This means that freedom is won on the hard road, where you lose all your other dreams and realize the only dream left is to know this God who walks with you. Freedom is found not by getting your life into the right place, but by seeing the presence of God. When you can finally see God, then you can see that anything is possible and nothing is impossible wherever He is. Only then are you free. So the right place is not in the Promised Land. The right place for you is wherever you are in the desert that you discover the Presence of God.
Every freedom story has a beginning, and this one begins with the Hebrews running away from Pharaoh. They don’t get very far until they run right into the shores of the Red Sea. We are not sure which sea it was exactly, as the text literally says “the sea of reeds.” But which sea is not really important. About the time they arrive at this perilous and insurmountable sea, they look to see Pharaoh and all of his chariots coming after them. That is how it seems to go normally. Just about the time you think you have escaped that thing that is held you in slavery for so long, there it is again back on your doorsteps. Then we are told, “In great fear the Israelites cried out to The Lord. They said to Moses, “Was it because there were no graves in Egypt that you have taken us away to die in the wilderness? What have you done to us bringing us out of Egypt? Is this not the very thing we told you in Egypt, ‘Let us alone and let us serve the Egyptians?’” (Exodus 14:10-12)
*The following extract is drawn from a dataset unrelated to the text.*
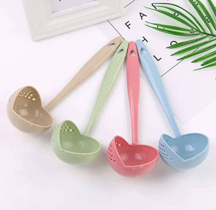 Colander With Wheat Straw Long Handle Dual-purpose Soup Spoon
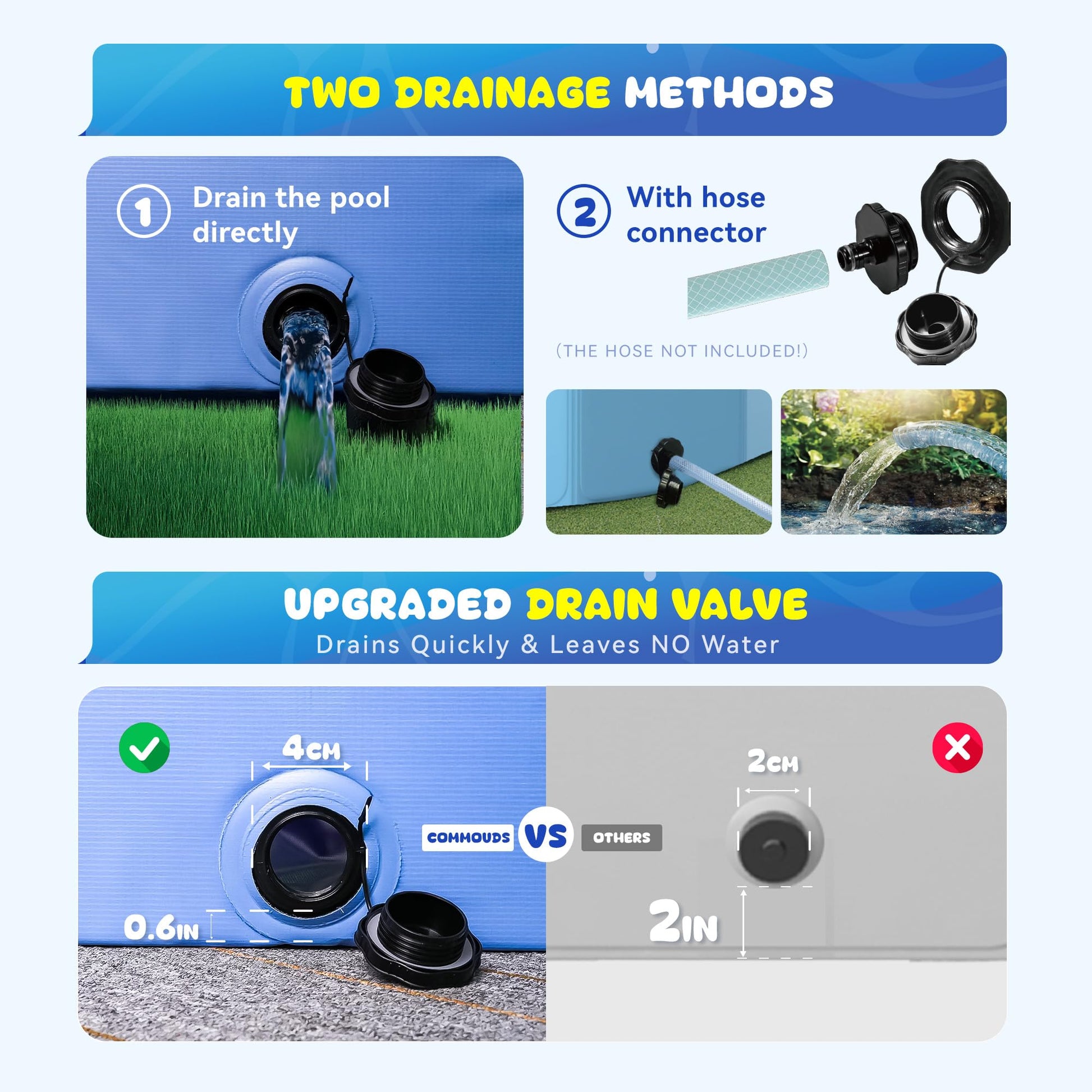 • Quick Drainage System: Our kiddie pool is designed for quick and efficient water release, featuring a drain valve just 0.2 inches from the bottom—lower than most pools—for faster drainage. The large 0.8-inch valve ensures minimal water residue. Additionally, we include a hose adapter so you can easily redirect the water and avoid backyard flooding

Notice how many times the people mention Egypt in those verses. No one is talking about the Promised Land, freedom or The Lord. All they were talking about was what they had left behind. They still saw themselves as slaves and not as free and loved people. That is because they were scared, and people who are scared will always trade their freedom for their security. When we fear, we often will prefer the slavery we know to the freedom we don’t know.
But then God reaches down and opens up that sea for His fearful people to walk through to freedom. Let’s be clear: there was nothing about the faith of these people that opened up that sea. They have no faith. They will learn faith later in the desert. At that point, all they had was fear. And God in His great compassion split the sea and pulled them to freedom. Out of sheer grace God will insist on you leaving slavery because in Jesus Christ He has never settled for what you will. He will pull you into freedom even when you are afraid to want to begin that journey. If you are in slavery today, you are not going to be saved by your good choices. Sometimes you are incapable of making good choices. You keep doing what you do not want to do, and you do not do what you want to do. As Paul said in Romans 7, we are so helpless in our slavery that we wonder who can save us from this slavery. “Thanks be to God through Jesus Christ our Lord.” (Romans 7:25).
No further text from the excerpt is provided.